La norma prevede, infatti, che la detrazione di cui ai commi da 1-bis a 1-septies del medesimo art. 16 (sismabonus) spetta anche per le spese, documentate, sostenute negli anni 2025, 2026 e 2027 nella misura fissa per tutte le tipologie di interventi agevolati pari al 36 per cento delle spese sostenute nell’anno 2025 e al 30 per cento delle spese sostenute negli anni 2026 e 2027. Anche in questo caso è prevista una maggiorazione delle aliquote per le prime case. - La detrazione di cui al primo periodo spettante per gli anni 2025, 2026 e 2027 è innalzata al 50 per cento delle spese sostenute per l’anno 2025 e al 36 per cento delle spese sostenute per gli anni 2026 e 2027 nel caso in cui le medesime spese siano sostenute dai titolari di diritto di proprietà o di diritto reale di godimento sull’unità immobiliare adibita ad abitazione principale.

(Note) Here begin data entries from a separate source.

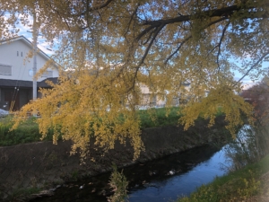(高田川沿いにある銀杏。枝垂れて美しい)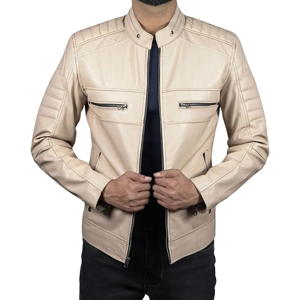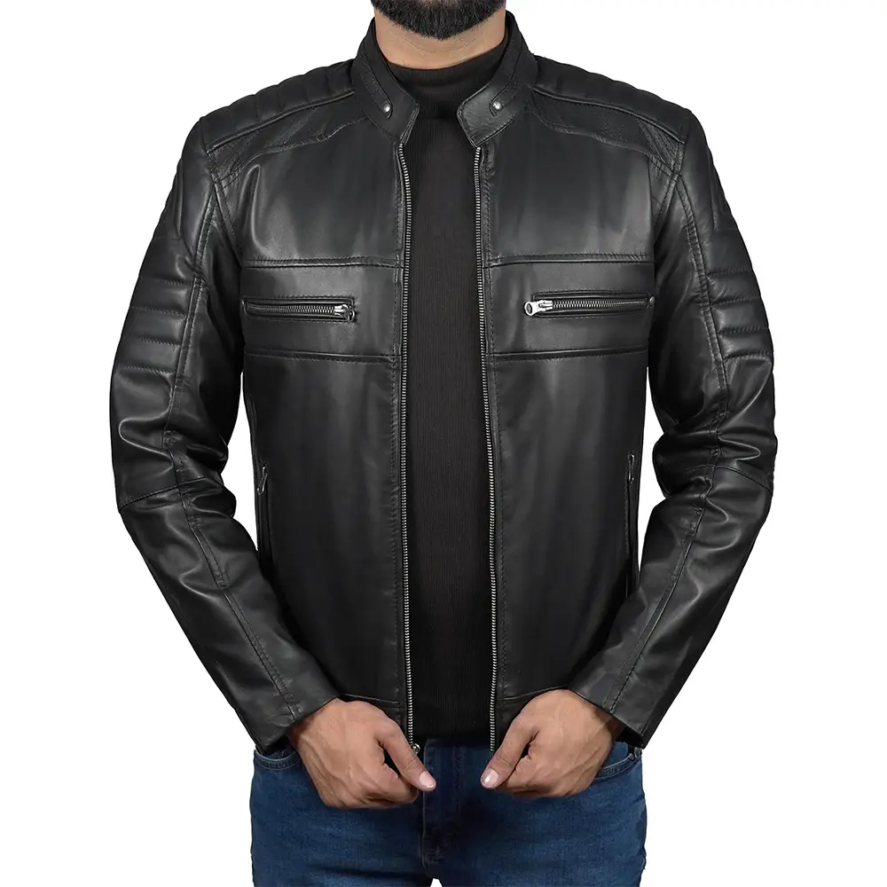 Buy Men’s Lambskin Leather Cafe Racer Jacket For Sale from our versatile cafe racer jacket collection. Designed using natural lambskin leather. It has a smooth shape that naturally molds to the body over time. Moreover, its high-quality YKK zipper closure makes it last longer and perform smoothly, reinforcing the jackets high quality construction. Full-length sleeves with zipper cuffs allow adjusting and a snug fit. Furthermore, this feature enhances its functionality and attitude. The designer well-designed the storage with four exterior zippered pockets that allow safe access to essentials without disrupting the jacket’s clean lines. Two inner pockets and a further mobile pocket provide everyday functionality without compromising the minimalistic racer shape. The premium, soft viscose interior takes the comfort level to the next step. Therefore, you will be able to wear the jacket long and not feel heavy and unpleasant.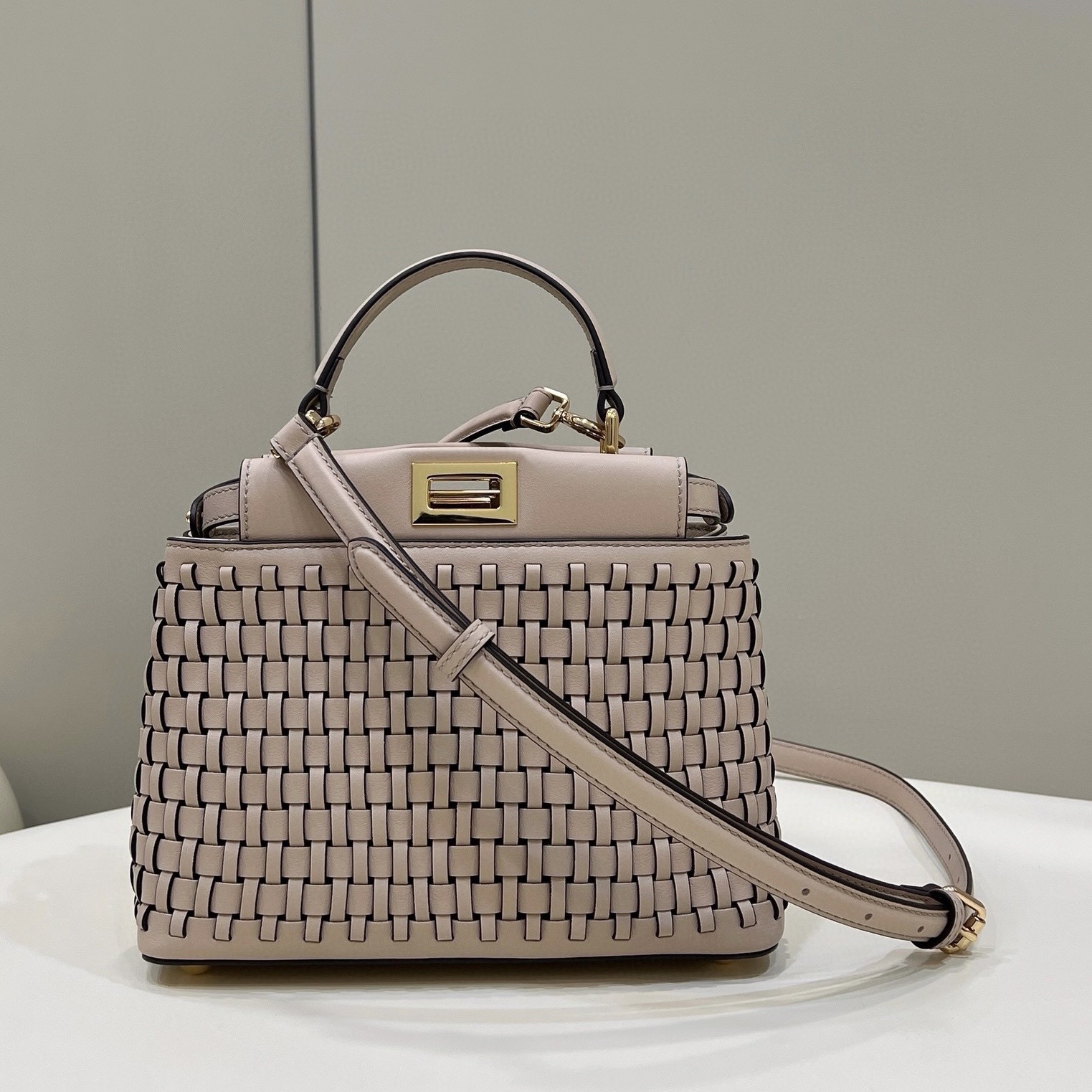 FENDI芬迪包包 標誌性Peekaboo小號手袋 白色和藍色編織皮革手袋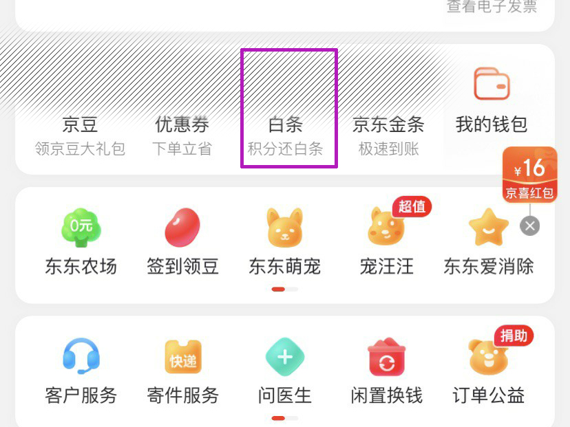 1、打开京东,点击右下角“我的”图标,然后找到并点击“白条”选项。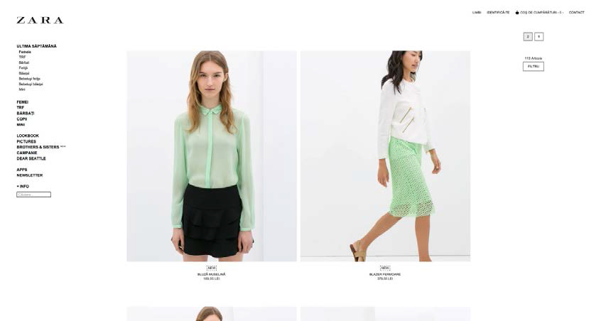 - Toate produsele sunt oferite online la acelaşi preţ ca în magazinele fizice Zara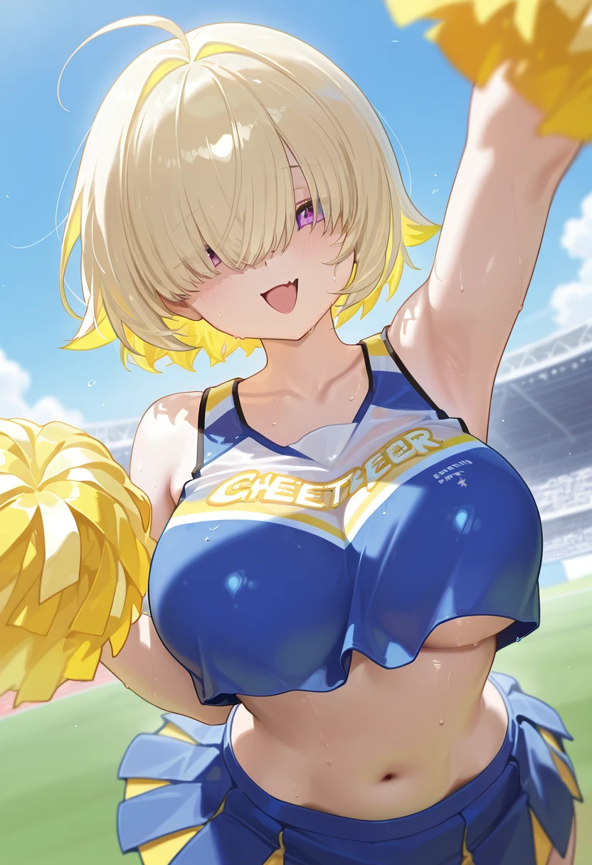 Tags for her look: 1girl, solo, short hair, large breasts, blonde hair, ahoge, multicolored hair, two-tone hair, skin fang, long bangs, hair over eyes, thick thighs,
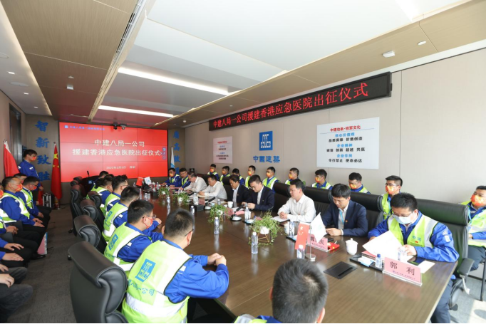 3月5日上午,中建八一中央援建香港應(yīng)急醫(yī)院項目建設(shè)者出征儀式在深圳舉行。本次援建突擊隊由公司黨委副書記、總經(jīng)理?;瘧棑沃笓]長,副總經(jīng)理寧文忠為副指揮長,突擊隊共83人,其中黨員41人,現(xiàn)場前線員工58人,黨員24人,黨員先鋒模范作用得到充分彰顯。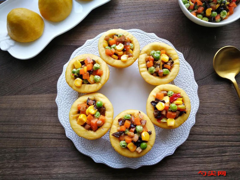 工藝:先將玉米面放入料理盆中,加入開水,攪拌成絮狀。加入豆面,小米面和面粉、泡多源K。小蘇打溶于水后淋入到粉中。少量多次加入清水,混合成一個(gè)面團(tuán)。面團(tuán)醒十五分鐘之后滾成長(zhǎng)條狀,分割成小劑子。用手捏成小碗的形狀。 墊上玉米葉,放入蒸鍋中,開鍋后蒸20分鐘。接下來準(zhǔn)備配菜,但所有的輔料都切丁備用。鍋中放入適量的花生油,先放入豬肉丁煸炒至變色后放入蔥姜和干紅辣椒,炒出香味兒。放入胡蘿卜丁,翻炒一分鐘,再加入豌豆,玉米和木耳丁。 中火翻炒兩分鐘,調(diào)入鹽,少許生抽,翻炒均勻后即可出鍋。

- La lettera b), numero 3), apporta delle modifiche al comma 2 sempre dell’art. 16 che riconosce ai contribuenti che già fruiscono della detrazione per gli interventi di ristrutturazione edilizia un’ulteriore detrazione dall'imposta lorda per l’acquisto di mobili e di grandi elettrodomestici di classe non inferiore alla classe A per i forni, alla classe E per le lavatrici, le lavasciugatrici e le lavastoviglie, alla classe F per i frigoriferi e i congelatori, per le apparecchiature per le quali sia prevista l'etichetta energetica, finalizzati all’arredo dell’immobile oggetto di ristrutturazione. Con la norma in esame si stabilisce che tale agevolazione si applica anche per le spese sostenute nel 2025 e con lo stesso limite di spesa detraibile di 5.000 euro previsto per il 2024.
- Il comma 56 modifica l’art. 119 del D.L. 19 maggio 2020, n. 34, in materia di superbonus. La lettera a) introduce un nuovo comma 8-bis.2 all’art. 119 che stabilisce che la detrazione del 65 per cento prevista dal comma 8-bis, primo periodo, per le spese sostenute nell’anno 2025 spetta esclusivamente per gli interventi già avviati ovvero per i quali, alla data del 15 ottobre 2024, risulti:
- presentata la comunicazione di inizio lavori asseverata (CILA) ai sensi del comma 13-ter, se gli interventi sono diversi da quelli effettuati dai condomini;
- adottata la delibera assembleare che ha approvato l’esecuzione dei lavori e presentata la comunicazione di inizio lavori asseverata (CILA) ai sensi del comma 13-ter, se gli interventi sono effettuati dai condomini;
- presentata l’istanza per l’acquisizione del titolo abilitativo, se gli interventi comportano la demolizione e la ricostruzione degli edifici.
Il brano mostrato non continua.